### Recorded information:
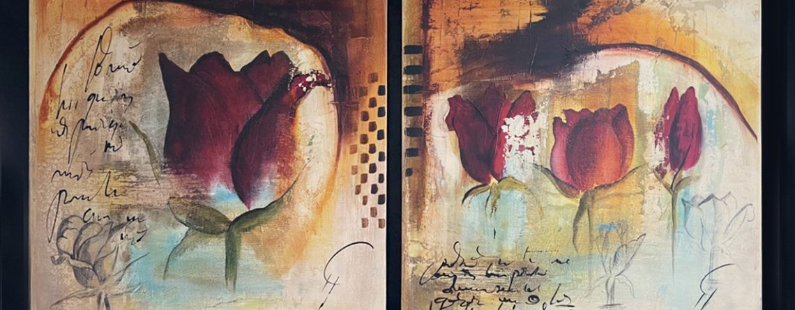 Λουλούδια - Δίπτυχο αντίγραφο έργο τέχνης της Gemma Leys. Καμβάς χειροποίητος με χειροποίητη πλάτη. Διάσταση έργου: 68 x 68 εκ. (έκαστο κομμάτι) Διάσταση πλάτης: 158 x 89 εκ.
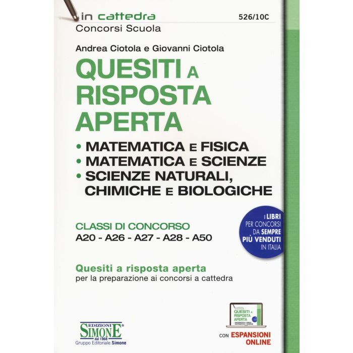 Quesiti a risposta aperta. Matematica e fisica. Matematica e scienze. Scienze naturali, chimica e biologia. Classi di concorso A20-A26-A27-A28-A50. Con espansione online
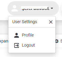 The username is displayed in the right pane of the Header. It is used to access the settings of the user logged into the system. Clicking on it will display "Profile" and "Exit" Buttons.
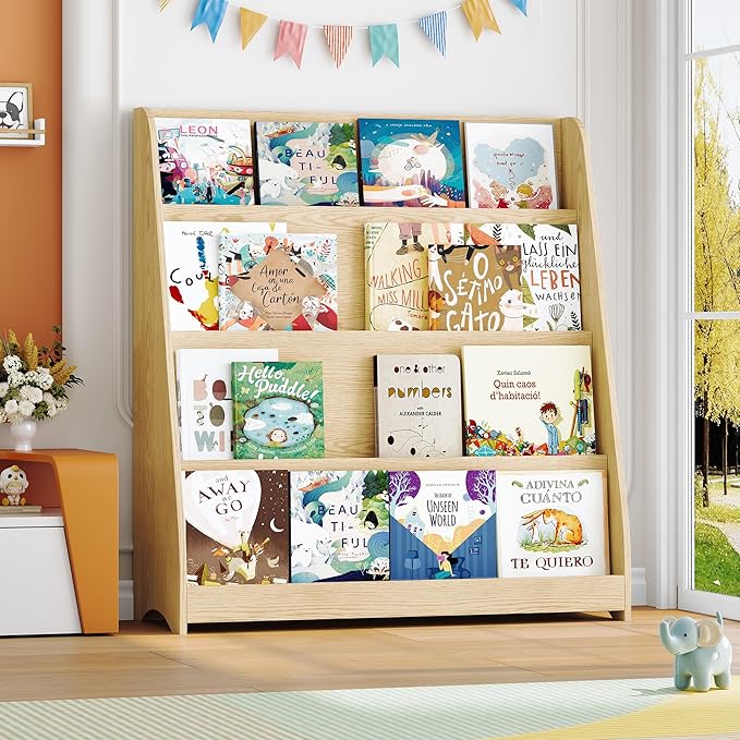 - 【Spacious Kids Bookshelf for Growing Readers】Designed at an ideal height for little ones, this toddler bookshelf makes it easy for children to choose and put away books themselves. The accessible display encourages routine building and independent reading habits.

### Your assignment:
The finished copy should match the data above word for word and contain no pictures.

### Solution to the problem:
 Λουλούδια - Δίπτυχο αντίγραφο έργο τέχνης της Gemma Leys. Καμβάς χειροποίητος με χειροποίητη πλάτη. Διάσταση έργου: 68 x 68 εκ. (έκαστο κομμάτι) Διάσταση πλάτης: 158 x 89 εκ.
 Quesiti a risposta aperta. Matematica e fisica. Matematica e scienze. Scienze naturali, chimica e biologia. Classi di concorso A20-A26-A27-A28-A50. Con espansione online
 The username is displayed in the right pane of the Header. It is used to access the settings of the user logged into the system. Clicking on it will display "Profile" and "Exit" Buttons.
 - 【Spacious Kids Bookshelf for Growing Readers】Designed at an ideal height for little ones, this toddler bookshelf makes it easy for children to choose and put away books themselves. The accessible display encourages routine building and independent reading habits.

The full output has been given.